TAPED NARRATOR: At last the isolated fragments were unified into a community, a federation, a union — but the unity was still fragile. Generations of isolated growth had left their scars; outwardly unified, the community still bristled with resistance toward the launching and implementation of common projects.

(DAN enters from left, begins typesetting. Door opens at left)

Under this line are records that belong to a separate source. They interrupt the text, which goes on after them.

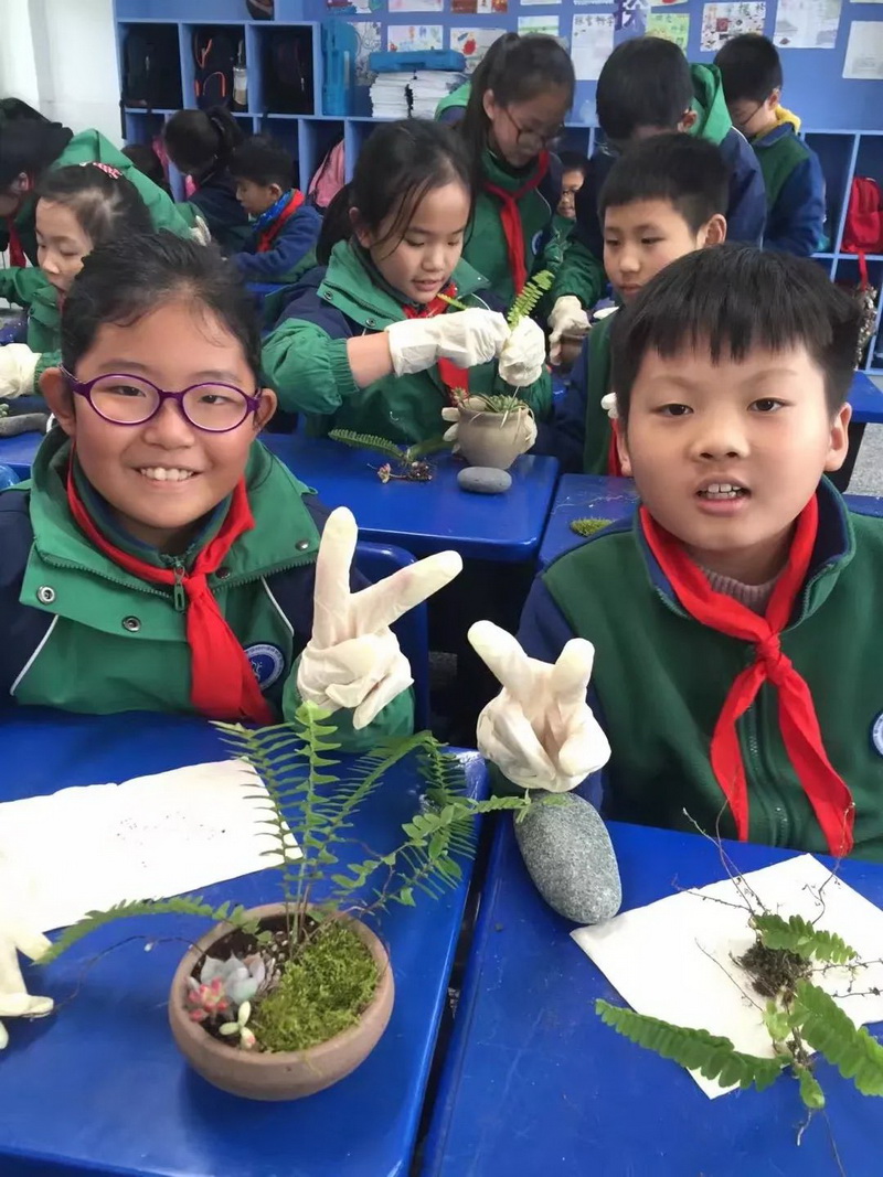 Yue Xinyu's mother brought us bonsai. Under the guidance ofmother-in-law, children give full play to their imagination and make their works more charming and artistic.
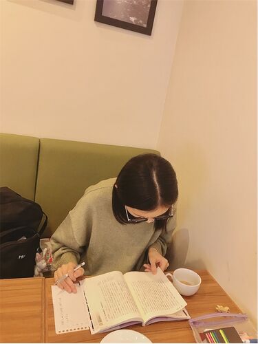 カフェで娘さんと一緒に勉強を。 毎回、カフェではレンズの入っていないメガネをかけて勉強する彼女。 視界に『枠』があると、まわりの情報をシャットダウンして集中しやすいのだとか。 あと、イヤホンをしてピアノ曲を聴きながら勉強するらしい。 うるさく…
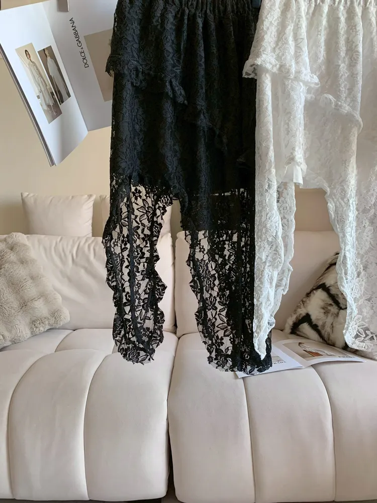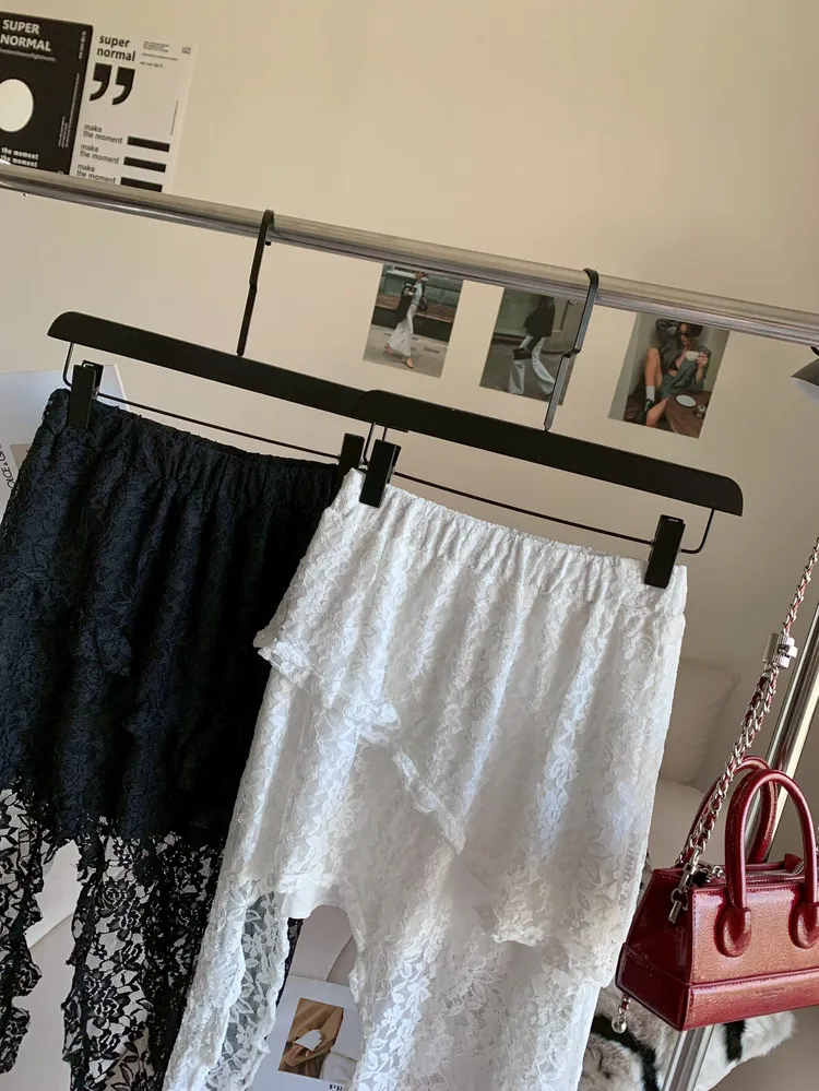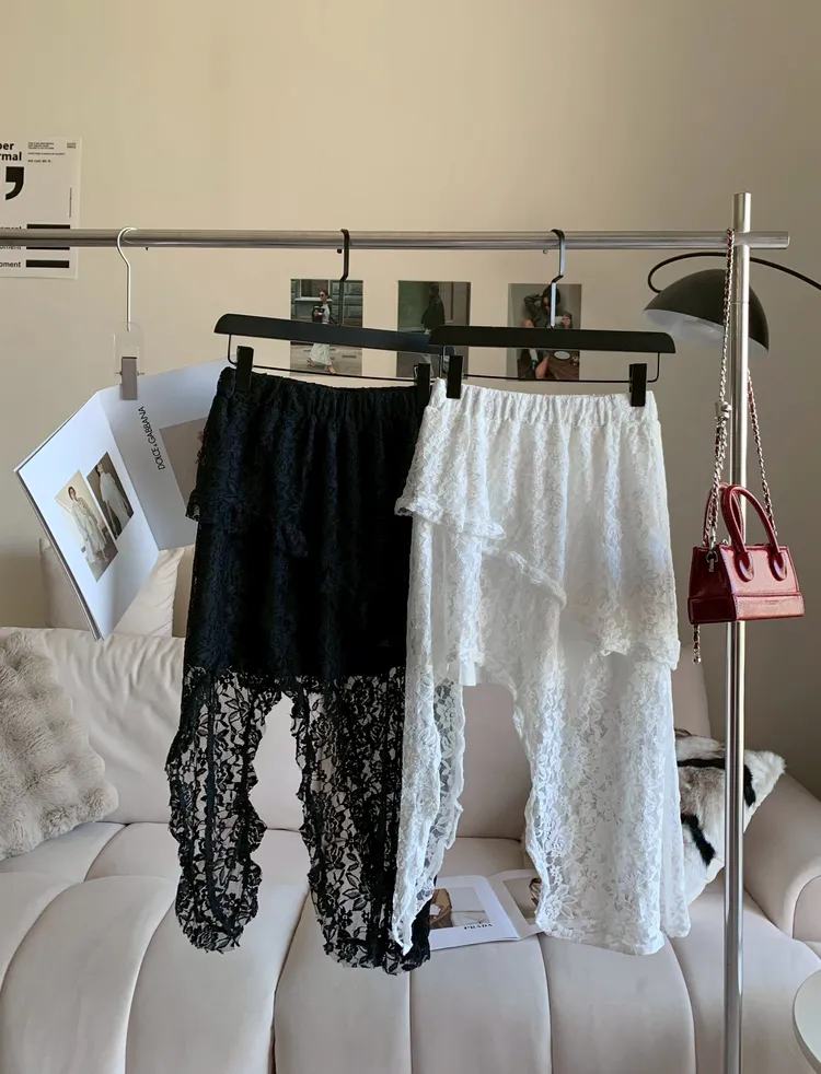 C361不規則緹花蕾絲彈性半裙
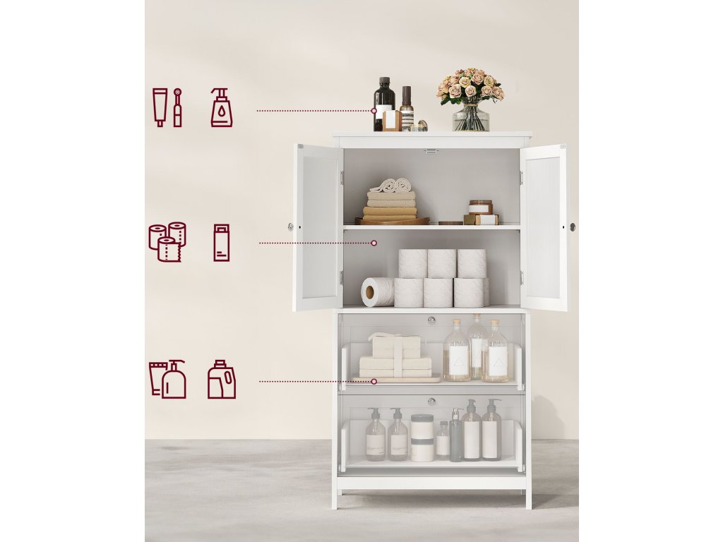 Skříňka nabízí dostatek úložného prostoru na ručníky, kosmetiku, hygienické potřeby či koupelnové doplňky . Uzavřený úložný prostor vám umožní skrýt věci, které nechcete mít na očích, jako například zásoby toaletního papíru nebo čistící prostředky.
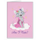 Dieses hübsche Kätzchen trägt ein niedliches rosa Kleid und eine Blume! Im Text steht: "Bin ich niedlich?"
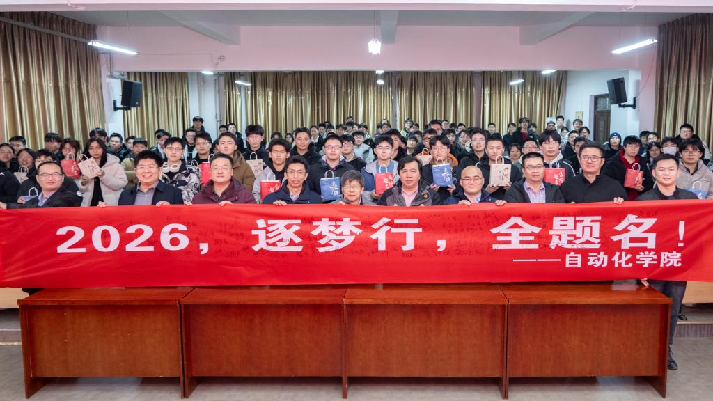 2026年全国硕士研究生招生考试临近,为鼓舞学院考研学子斗志、缓解备考压力,12月11日,自动化学院在J11-118举办“逐梦行,全题名”考研暖心激励活动。学院院长张焕水,党委副书记兼副院长赵洋,副院长盖文东、周封、王建东、朱延正,院长助理于永进、盛春阳,团委书记、2022级辅导员杨洪骞,2022级辅导员郭海港为全力冲刺的考研学子送上暖心关怀与诚挚鼓励。
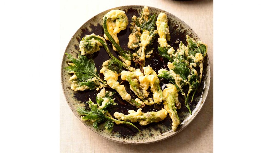 たらの芽、こごみ、よもぎにそれぞれ【衣】をつけ、4に入れて上下を返しながらカラリと揚げる。油をよくきって器に盛り、塩をふって食べる。
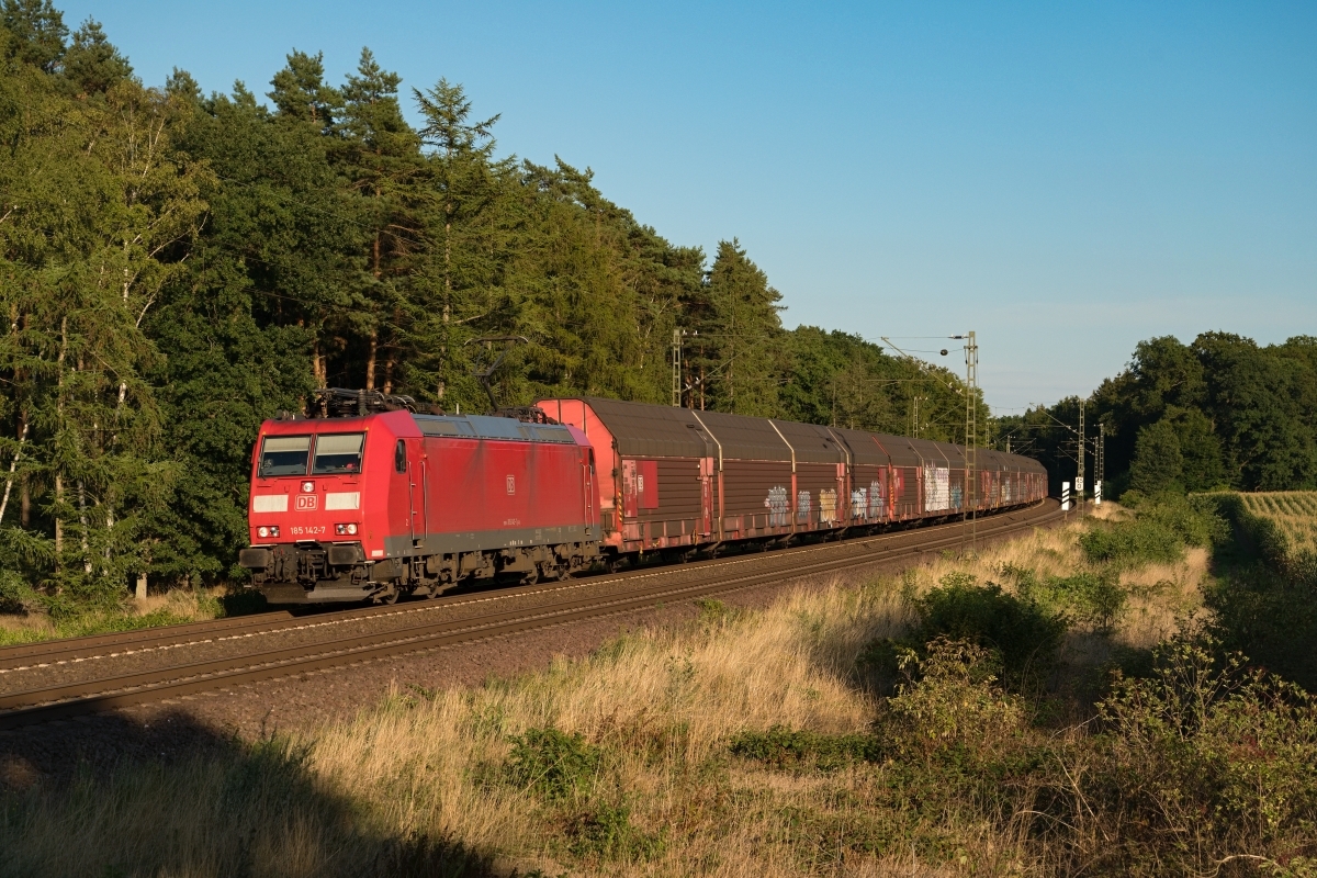 Dto. 185 142-7 am 12.08.2022 im Abendlicht bei Linsburg (HLBU) mit mit einem

VOICES (from left): Come on Grover. A little sunshine won’t hurt you.

GROVER (to left): Me and flowers is like icicles and ice cream. Tell me when you get to the poppies. Closes door) Hey, my man, how’s business?

DAN: I’m trying to finish that paper on “Non-hierarchic demythologized forms of subversion.” It’s as boring as anything I typed at the bank.

GROVER: I thought you looked them over before taking them on.

DAN: I figured I could have part of it typeset during the time I spent reading it. Listen to this. “The whole notion of harmony and fulfillment, separated from their hypostatization in the form of systematization to a functionalization became a purposeless purposiveness —”

GROVER: Don’t knock it, man; that dude was fired from three universities for not being scholarly enough.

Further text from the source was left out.